And so, over the years, I’ve acquired a handful of really nice books on Objective-C and OS X programming that generous relatives have bought for me as gifts from my Amazon wish list, including Aaron Hillegass’s Cocoa Programming for Mac OS X and Beginning Mac OS X Programming from Wiley. But after a handful of evening coding sessions, I’ve never been able to stick with it long enough to learn it, and every time I return to an old project I find that I’ve forgotten most of what I learned and have to start over at the early chapters again.
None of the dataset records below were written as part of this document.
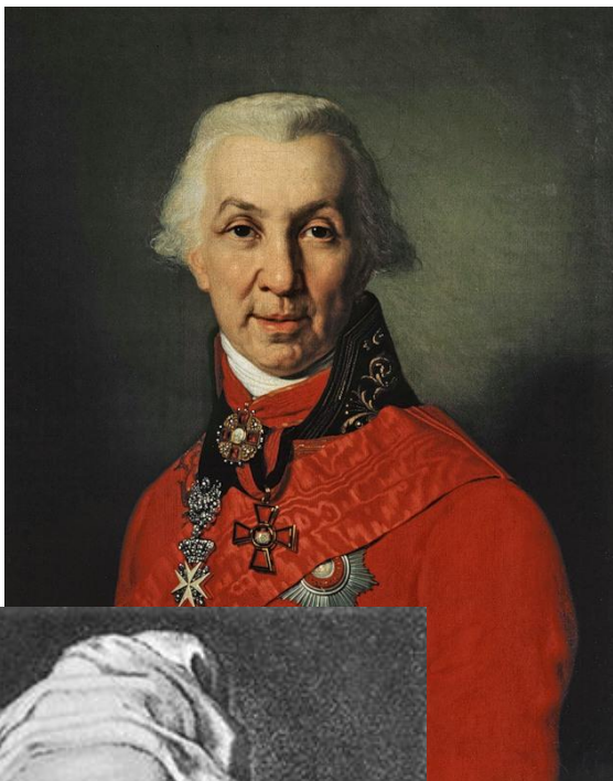
Василий Андреевич Жуковский
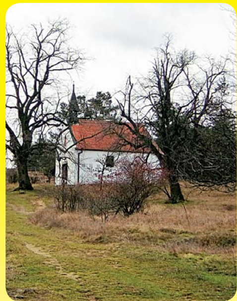
Kaple Panny Marie Bolestné

Půjdete-li jen malý kousek dál po červené značce, přijdete na Havranické vřesoviště, kde je i kaple Panny Marie Bolestné, jež byla postavena v roce 1680 po morové epidemii.
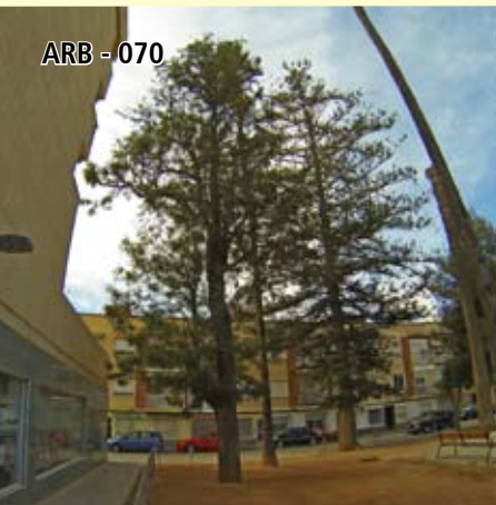
ARB - 070
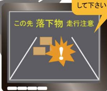
ITSスポット対応カーナビでの表示例
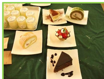
いろいろなスイーツ
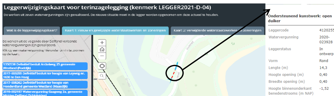
Figuur 1: Voorbeeld weergave interactieve leggerwijzigingskaart LEGGER2021-D-04

Door op een waterstaatswerk op de kaart te klikken, opent er een pop-up scherm. Hierin staan de specifieke gegevens van dat waterstaatswerk, zoals de afmetingen of op wie de onderhoudsplicht rust. Ook kan, indien van toepassing, de bijlage met het leggerprofiel worden geopend. Een voorbeeld van de werking van de leggerwijzigingskaart is weergegeven in Figuur 1.
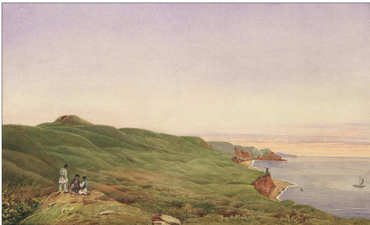
Рис. 2. Північна частина народної площі в Ольвії (Вебель М. Б., 1848). На задньому плані — «Зевсів» курган, перерізаний траншеєю
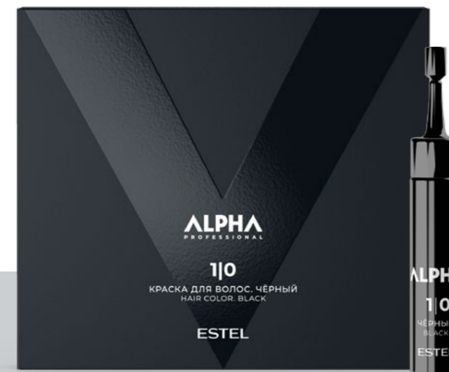
Краска для волос ESTEL ALPHA PRO
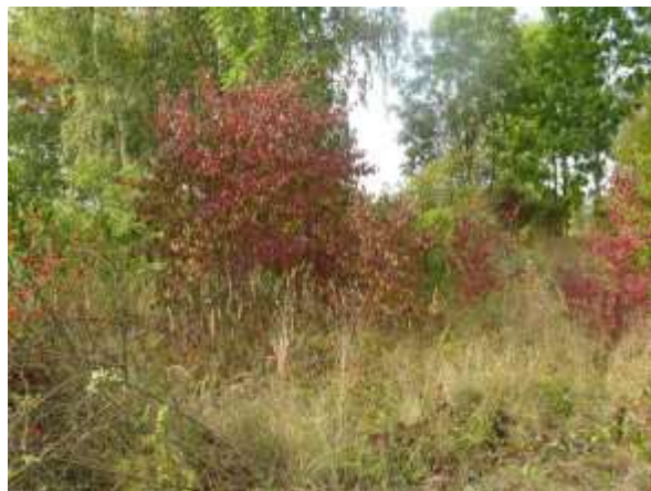
Lokalita před zásahem

V NPP Radouč jsme na konci roku 2008 začali v jedné z nejhroženějších lokalit odstraňovat téměř 70 % zeleného porostu a vracet lokalitě stepní charakter. V lokalitě převládala především růže šípková, svída krvavá, trnovník akát, ostružiník, třtina křovištní, hloh atd. Území postupně degradovalo a sloužilo jako útočiště mnohým bezdomovcům a k ukládání komunálního odpadu.
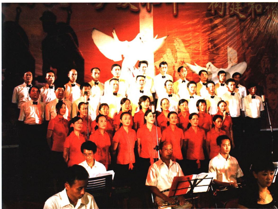
2007年7月30日，云县工商联全体干部职工参加县委组织的庆祝建军80周年暨抗日战争胜利70周年歌咏比赛
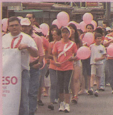
San Isidro fue el único lugar fuera de la capital donde se realizó la caminata.
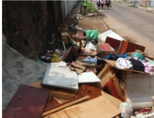
Figura 7: Descarte irregular de lixo - Rua Agenor Porto s/n
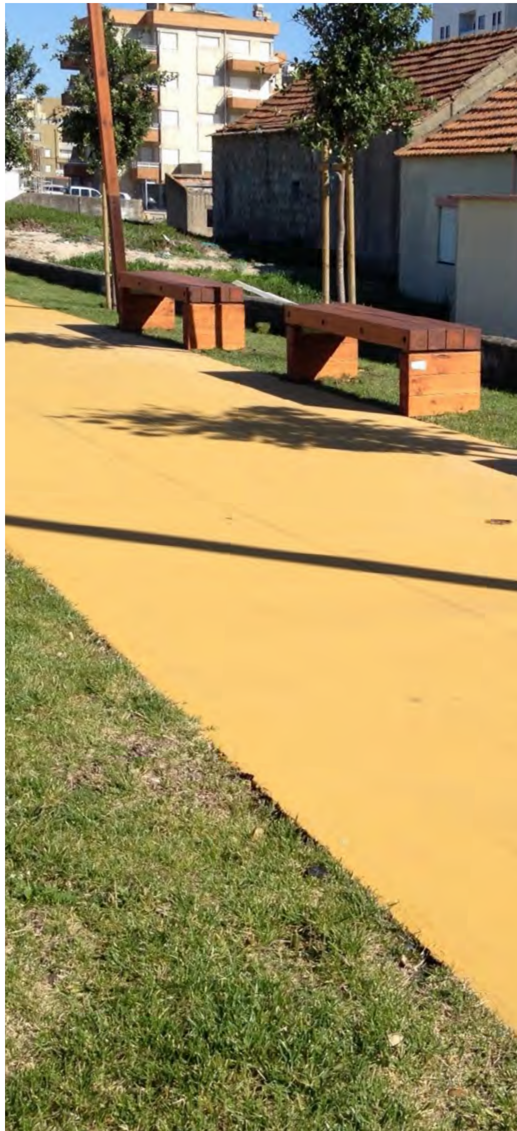
PRAIA DA FRAGOSA Póvoa de Varzim, 2015
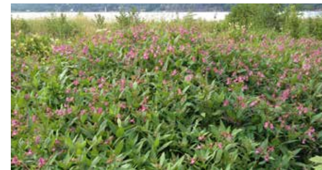
Kjempestspringfrø trives der det er litt fuktig og frøene kan spres langt via vann.

SPREDNING: Planten har stor frøproduksjon og sprer seg raskt med frø som «slynges» opp til 7 meter ut fra morplanten. Frøene spres lett via vann eller ved at de følger med jord. Avkappede plantedeler har kort levetid, men kan også slå rot.
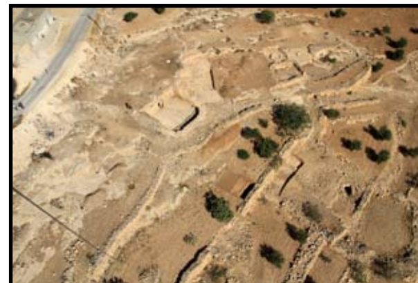
איור 8: מראה כללי של שטחים D ו-F

בחזית המערה חצר חצובה רחבת ידיים (8X8 מ') מסותתת למשעי. מהחצר ישנו מעבר דרך פתח חצוב אל אולם רבוע (4X4 מ') המשמש כבור עמידה רדוד ורחב ידיים. מסביב לבור העמידה ערוכים בכל אחת מפאות הבור שלושה חדרים (3X2.5 מ') המשמשים כחדרי קבורה. במרכזו של כל אחד מהחדרים נחצב בור עמידה רדוד וסביבו שלוש אצטבאות. דומה כי יש לשייך מערות אלה לתקופה הרומית המאוחרת וזאת על סמך תוכניתם. חסרונם של כוכים מלמד כי יש לאחר, ככל הנראה, מערות אלה למאות השנייה השלישית. מערות קבורה

Last night, I finally figured out why this is the case when I decided to give OS X development another try. All the books I have dive in and say: “Let’s build a program with a GUI!” And then I’m bouncing around between Xcode and Interface Builder, and I’m doing drag-and-drop UI building, and I’m hooking up selectors to class methods, and it’s totally alien from anything I’ve ever done before.
The reason this is so alien to me is that I’m an enterprise Java programmer with years of experience writing web and desktop apps through code, with the IDE as a participant rather than the full-blown means. The last time I used a drag-and-drop editor to build a GUI was when I was forced to take a VB6 class in college; even in my programming salad days, I thought that a “program that builds a program” was way too far from the metal. I’ve got a solid foundation in ground-up MVC principles, and I never, ever start building an application GUI-first nor use drag-and-drop GUI builders.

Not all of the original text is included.